» **The input**:

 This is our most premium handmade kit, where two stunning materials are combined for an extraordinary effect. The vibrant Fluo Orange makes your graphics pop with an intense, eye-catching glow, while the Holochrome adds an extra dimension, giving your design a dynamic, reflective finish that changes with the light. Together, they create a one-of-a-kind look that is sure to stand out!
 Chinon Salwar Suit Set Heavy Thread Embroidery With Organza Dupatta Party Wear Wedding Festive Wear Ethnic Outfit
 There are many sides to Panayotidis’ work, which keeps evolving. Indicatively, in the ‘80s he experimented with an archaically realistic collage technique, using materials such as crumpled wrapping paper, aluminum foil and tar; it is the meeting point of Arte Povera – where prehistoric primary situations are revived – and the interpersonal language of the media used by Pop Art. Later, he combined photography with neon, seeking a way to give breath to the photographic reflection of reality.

==

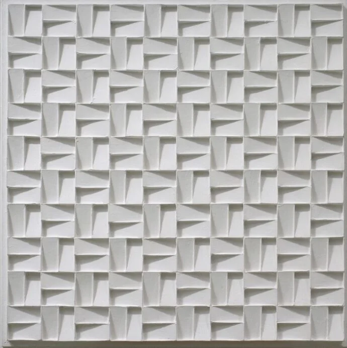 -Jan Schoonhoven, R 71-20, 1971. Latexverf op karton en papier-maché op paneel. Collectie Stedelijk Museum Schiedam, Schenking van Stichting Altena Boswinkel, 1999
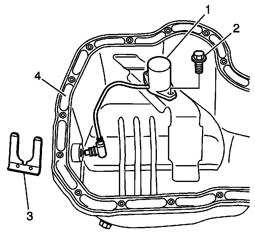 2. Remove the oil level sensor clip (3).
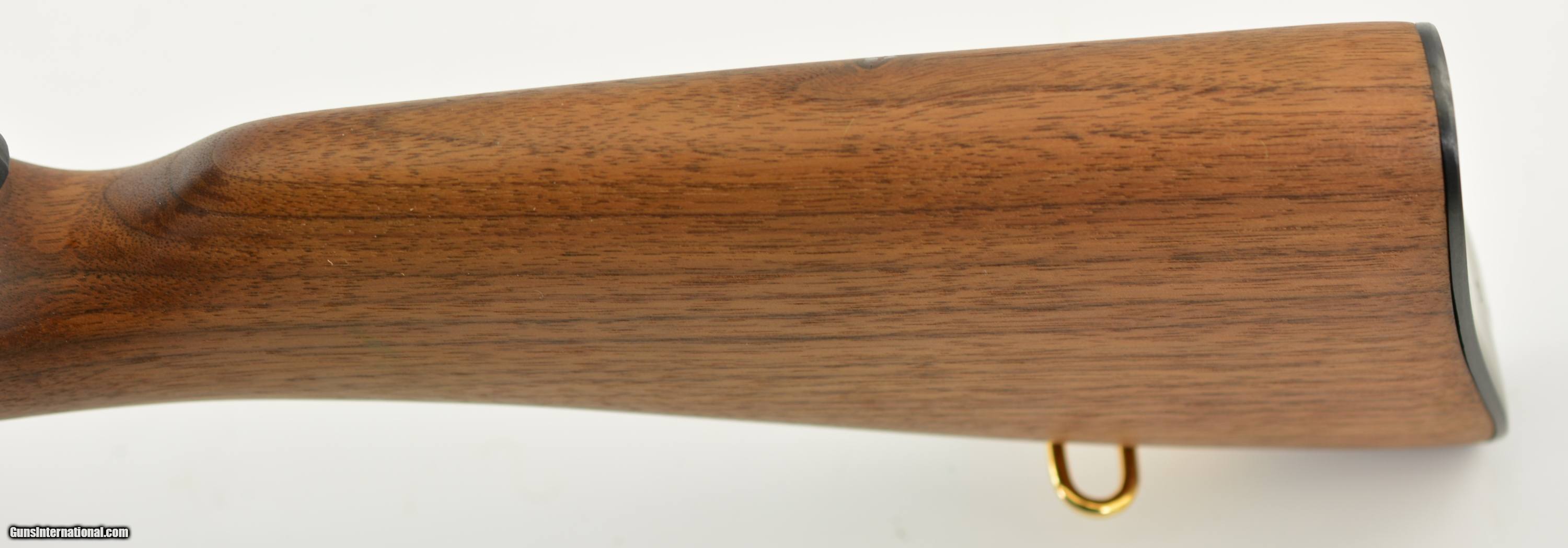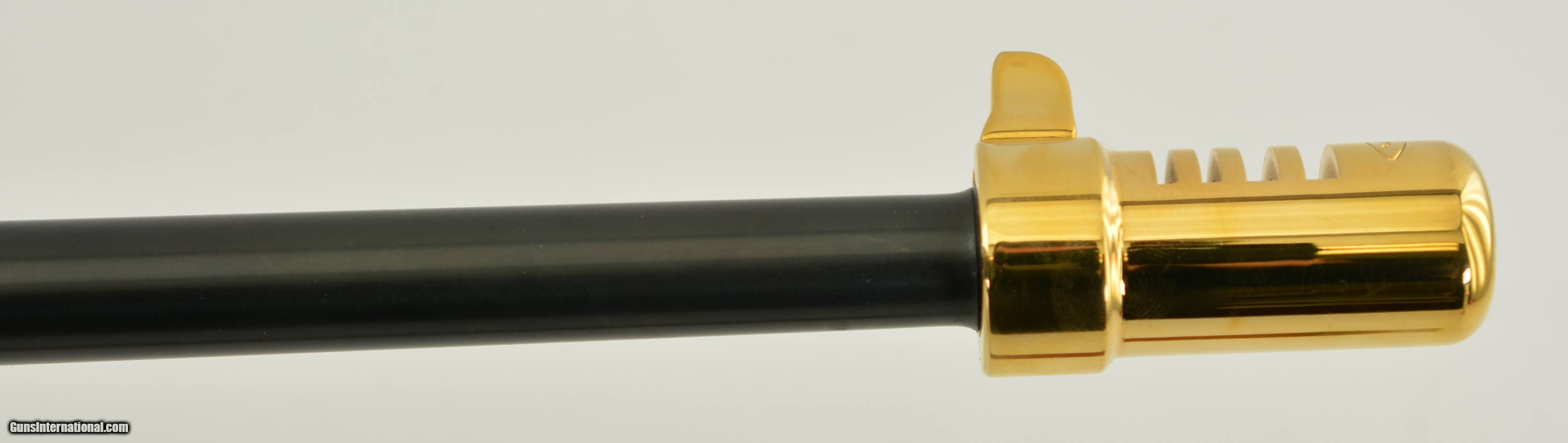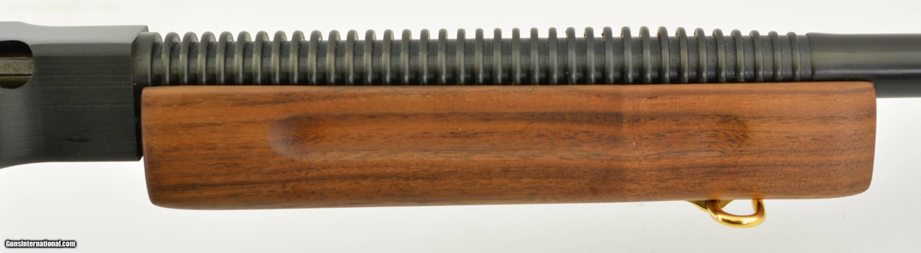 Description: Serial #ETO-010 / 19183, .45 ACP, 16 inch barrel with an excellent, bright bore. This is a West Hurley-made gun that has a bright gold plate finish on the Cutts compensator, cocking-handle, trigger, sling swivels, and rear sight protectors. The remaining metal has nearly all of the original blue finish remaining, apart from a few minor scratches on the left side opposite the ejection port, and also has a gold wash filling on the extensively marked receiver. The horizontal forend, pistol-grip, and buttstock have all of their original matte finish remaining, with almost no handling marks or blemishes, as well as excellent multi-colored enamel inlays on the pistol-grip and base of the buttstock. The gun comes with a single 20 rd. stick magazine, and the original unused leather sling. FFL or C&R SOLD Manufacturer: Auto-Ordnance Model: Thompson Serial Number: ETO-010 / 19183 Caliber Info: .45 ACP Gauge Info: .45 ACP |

...

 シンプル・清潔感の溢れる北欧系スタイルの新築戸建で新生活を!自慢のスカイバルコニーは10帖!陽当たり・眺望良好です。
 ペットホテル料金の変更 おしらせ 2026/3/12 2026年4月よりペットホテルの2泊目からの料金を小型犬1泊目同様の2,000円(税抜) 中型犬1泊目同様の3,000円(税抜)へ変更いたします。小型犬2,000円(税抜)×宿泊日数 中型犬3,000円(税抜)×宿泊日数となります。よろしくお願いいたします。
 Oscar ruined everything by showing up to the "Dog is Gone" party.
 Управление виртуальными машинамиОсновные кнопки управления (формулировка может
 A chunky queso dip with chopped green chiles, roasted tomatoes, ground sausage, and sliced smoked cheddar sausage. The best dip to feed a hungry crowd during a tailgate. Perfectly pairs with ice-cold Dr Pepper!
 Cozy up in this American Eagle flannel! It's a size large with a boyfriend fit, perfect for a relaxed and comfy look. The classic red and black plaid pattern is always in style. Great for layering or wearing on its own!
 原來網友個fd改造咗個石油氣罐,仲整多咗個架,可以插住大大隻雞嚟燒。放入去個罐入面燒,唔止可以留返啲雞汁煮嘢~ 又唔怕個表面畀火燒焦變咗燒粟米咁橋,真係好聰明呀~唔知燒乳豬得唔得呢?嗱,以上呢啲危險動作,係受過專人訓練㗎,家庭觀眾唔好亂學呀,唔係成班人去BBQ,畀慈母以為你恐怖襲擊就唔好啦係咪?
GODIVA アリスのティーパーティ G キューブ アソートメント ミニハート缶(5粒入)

» **Requirement**:
Would you count the lines in the data that include the word "look" and reply with only the number?

» **Exercise answer**:
2